Dataset excerpt ▸
# # # # # # #

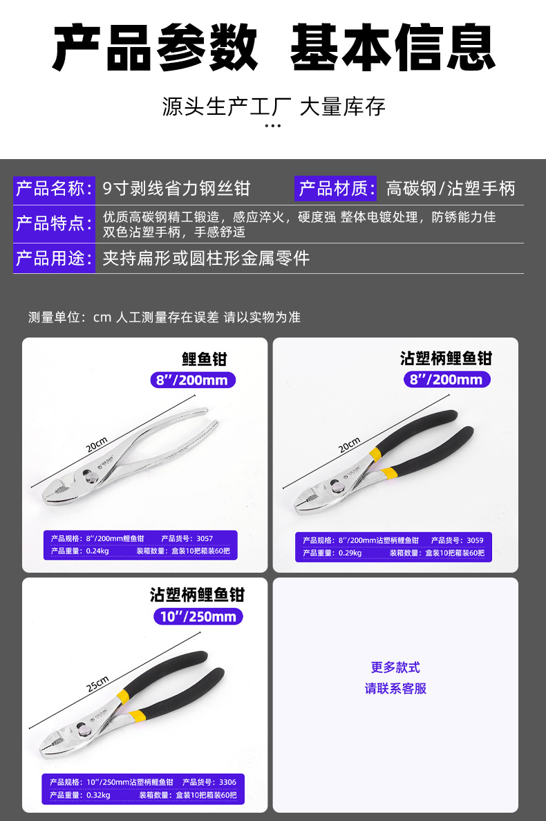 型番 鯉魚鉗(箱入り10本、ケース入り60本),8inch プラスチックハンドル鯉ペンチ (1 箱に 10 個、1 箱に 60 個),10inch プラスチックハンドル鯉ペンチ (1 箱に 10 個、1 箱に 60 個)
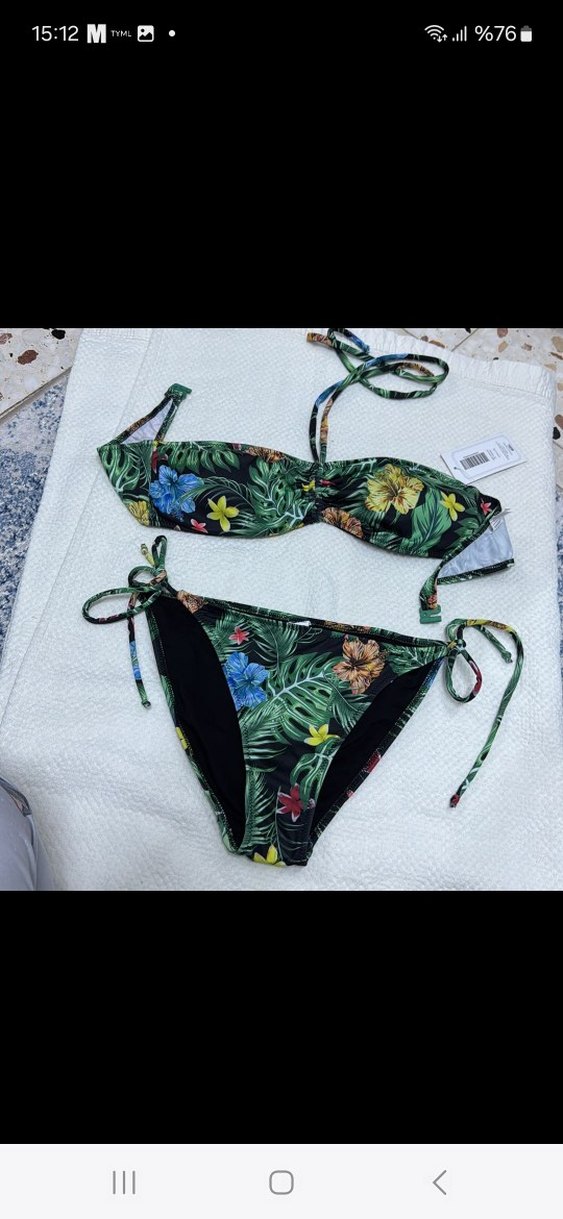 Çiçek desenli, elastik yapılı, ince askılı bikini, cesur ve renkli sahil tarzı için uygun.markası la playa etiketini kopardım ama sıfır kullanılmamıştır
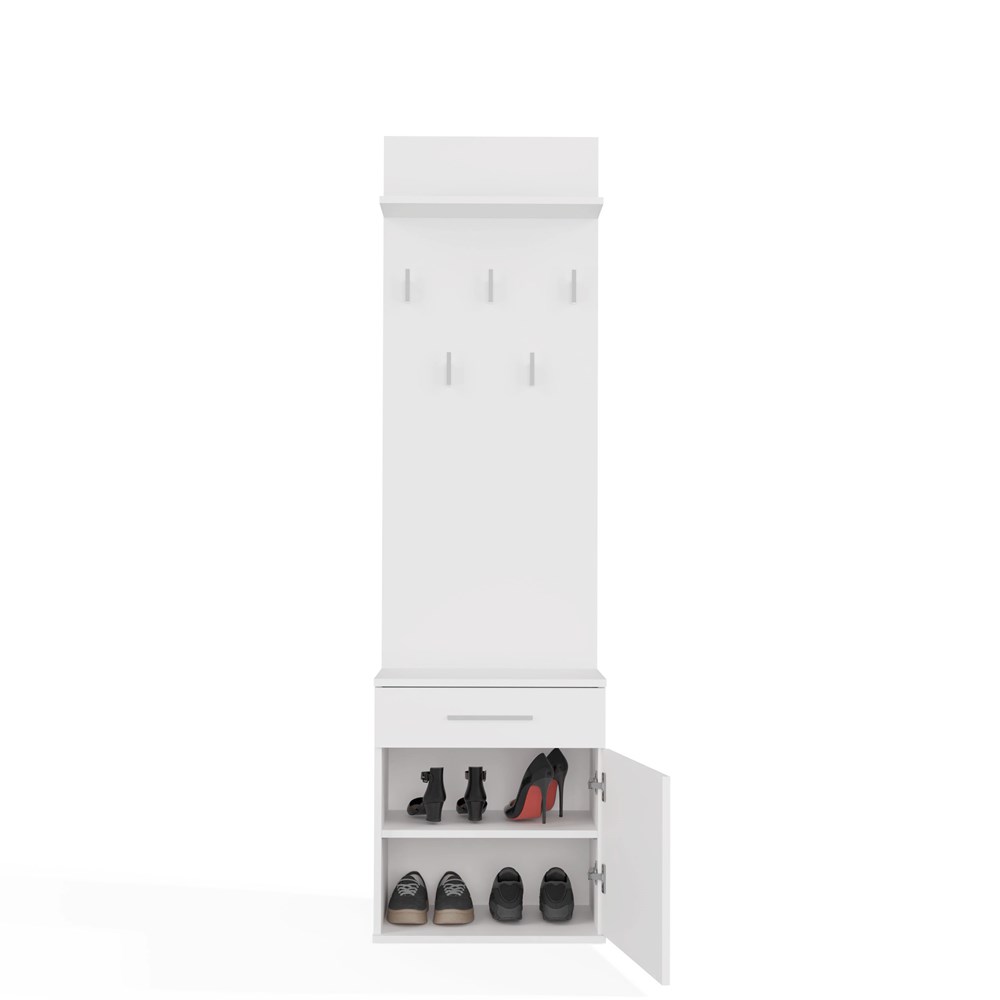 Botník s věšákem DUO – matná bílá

# # # # # # #

How to complete this task ▸
Without any pictures, please write out the lines from the one containing "Çiçek desenli, elastik" through the final line of the data, exactly and inclusive of both ends.

Result ▸
 Çiçek desenli, elastik yapılı, ince askılı bikini, cesur ve renkli sahil tarzı için uygun.markası la playa etiketini kopardım ama sıfır kullanılmamıştır
 Botník s věšákem DUO – matná bílá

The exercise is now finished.